The mare begins sobbing too hard to keep going. I don't even know how she made it that far, to be honest.

"We didn't know what to do," the stallion continues. "We didn't leave out house after it happened except to get food. How could we go back to normal after that? After a few months we began slowly recovering as much as we could. Not that you ever truly recover from something like that. We heard about your book and thought it would do us good to get lost in stories of far-off adventures where no matter how bleak it looked, good triumphed in the end over adversity."

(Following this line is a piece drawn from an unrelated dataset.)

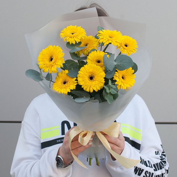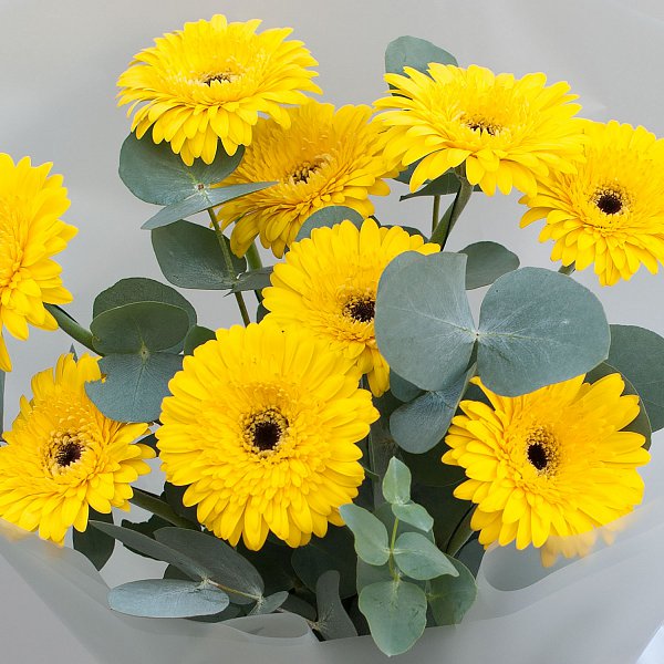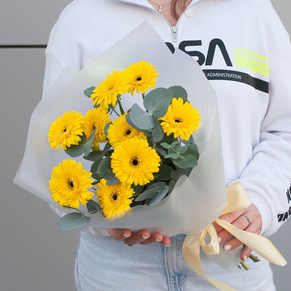 Букет состоит из 9 минигербер желтого цвета, что придает ему неповторимый и яркий вид. Минигерберы - это маленькие, но очень красивые цветы, которые прекрасно сочетаются с ветвями эвкалипта.

I didn't though. I fought for six years and lost. I feel that they don't really need to hear that, though.

"We got to the end and saw your family photo," he says. "We couldn't believe it. Our little Comet with the man we'd just spent a week reading about. For the first time in a long while we knew where she was. After everything that had happened, we wanted to try again. We'd lost one daughter and did a great injustice to the other one. We thought that maybe, just maybe, we could get her back and do right by her. Even if she wouldn't like it at first, we'd help her understand that we love her and want to make up for what we put her through."

"She spent eight years being rejected by family after family after she was rejected by you the first time," I say evenly. "When we adopted her, she cried and said she never thought she'd get out of that place."

The stallion flinches back at that. "We did wrong by her. We knew that mere days after we'd given her up, but by then it was too late."

I take a deep breath and lean back in the chair that had been given to me during their story. I simply stare at the two of them for a few moments, trying to get my thoughts together.

"She's happy where she is now," I say after a minute or so. "You want to do right by her? Leave her with the family that would do anything for her without hesitation. She's been my daughter for less than six months, but already I'd die for her if I knew it would keep her safe." I stand up and push the chair back. The officer indicates to me that time is almost up.

"I'll be getting a restraining order that only Comet can overturn. If at some point she wants to see you again, that will be her choice that I will let her make." I sigh and turn away from the cell. "Beyond that, I won't be pressing charges. Once you're out of here, leave Ponyville and do not come back."

"Mr. Powell, I--"

I don't even let them finish before I walk away.

* * * *

Cheerilee and Comet are both still asleep by the time I get back to the hospital. I sit back down in the chair I've spent most of the day in and hold my head in my hands. I can only stare at the floor, thinking about everything that's happened over the past week. I hate it all. I just want Comet to be safe.

"Hey, Daddy." I look up and see that Comet has woken up. She's giving me a small smile. I return it and ruffle her mane a bit.

"How's it going?" I ask.

Comet shrugs. "Okay, I guess." Comet's expression changes to one of intensity and fear. "Mommy's gonna be okay, right?"

"Of course she is," I say with a comforting smile. "She's going to be just fine. We all are."

"Okay." Comet close her eyes and nuzzles Cheerilee's leg that she's holding on to. "Can we go home soon?"

I nod. "Yeah, we'll go home really soon. Tomorrow at the latest."

"And they're not going to try to take me away again?"

I shake my head. "No. They're not. Nobody is going to try to take you away again." I give Comet's hoof a loving squeeze. "You don't have to worry about that anymore. You're my daughter. No one is going to hurt you ever again."